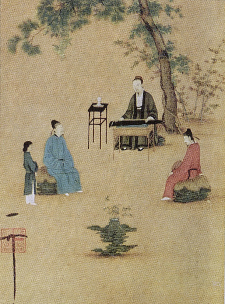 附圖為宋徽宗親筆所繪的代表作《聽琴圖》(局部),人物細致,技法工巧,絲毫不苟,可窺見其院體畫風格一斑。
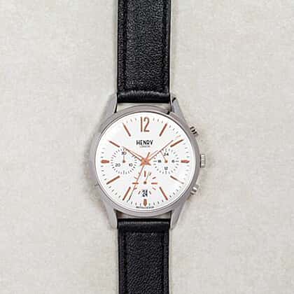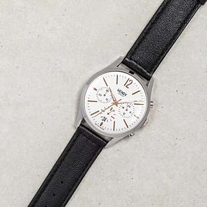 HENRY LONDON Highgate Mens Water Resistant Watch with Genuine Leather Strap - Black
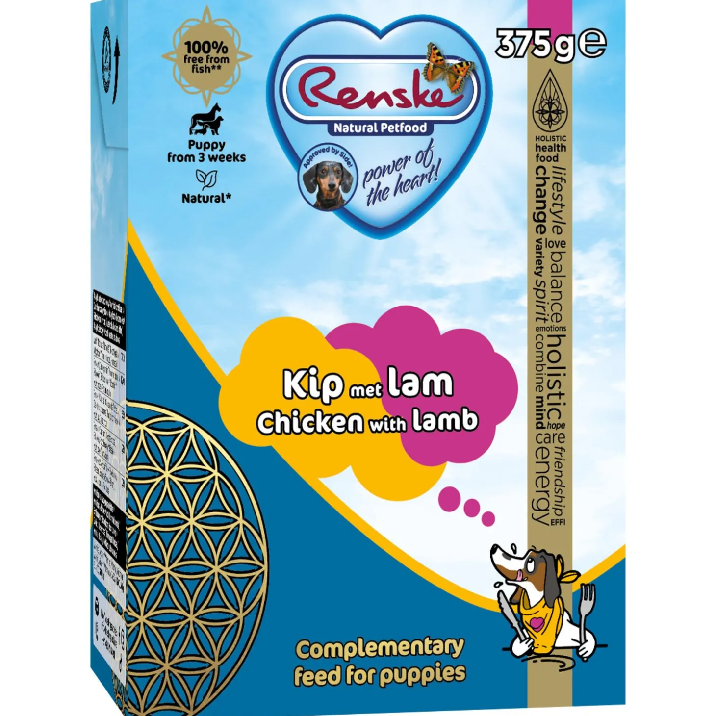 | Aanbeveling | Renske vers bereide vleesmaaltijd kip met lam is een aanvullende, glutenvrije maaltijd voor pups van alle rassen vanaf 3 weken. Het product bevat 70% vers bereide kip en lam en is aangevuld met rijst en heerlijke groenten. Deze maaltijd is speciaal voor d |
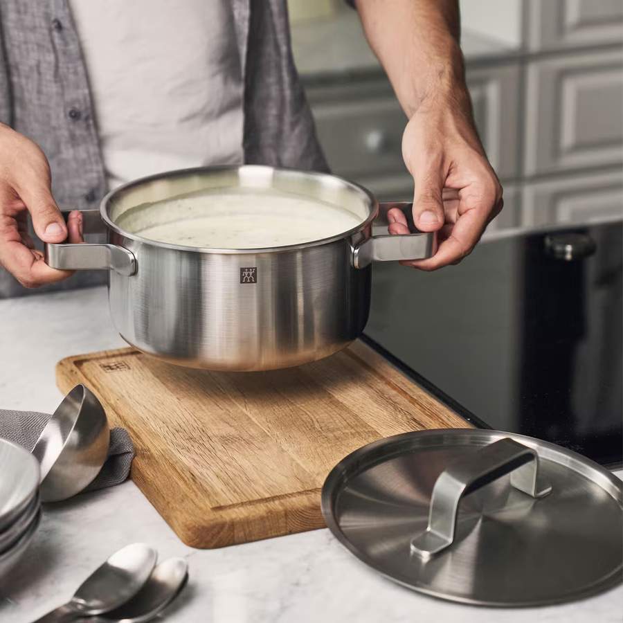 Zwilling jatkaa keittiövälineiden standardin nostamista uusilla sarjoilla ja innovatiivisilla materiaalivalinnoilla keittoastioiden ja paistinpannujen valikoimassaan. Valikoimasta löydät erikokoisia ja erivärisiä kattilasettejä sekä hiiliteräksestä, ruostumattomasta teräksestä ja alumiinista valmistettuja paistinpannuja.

- **DESCRIPTION OF THE TASK**
Could you copy exactly, and with no pictures, the lines above from the one containing "speciaal voor d |" through the last line, both included?

- **SOLUTION FOR THIS EXERCISE**
 | Aanbeveling | Renske vers bereide vleesmaaltijd kip met lam is een aanvullende, glutenvrije maaltijd voor pups van alle rassen vanaf 3 weken. Het product bevat 70% vers bereide kip en lam en is aangevuld met rijst en heerlijke groenten. Deze maaltijd is speciaal voor d |
 Zwilling jatkaa keittiövälineiden standardin nostamista uusilla sarjoilla ja innovatiivisilla materiaalivalinnoilla keittoastioiden ja paistinpannujen valikoimassaan. Valikoimasta löydät erikokoisia ja erivärisiä kattilasettejä sekä hiiliteräksestä, ruostumattomasta teräksestä ja alumiinista valmistettuja paistinpannuja.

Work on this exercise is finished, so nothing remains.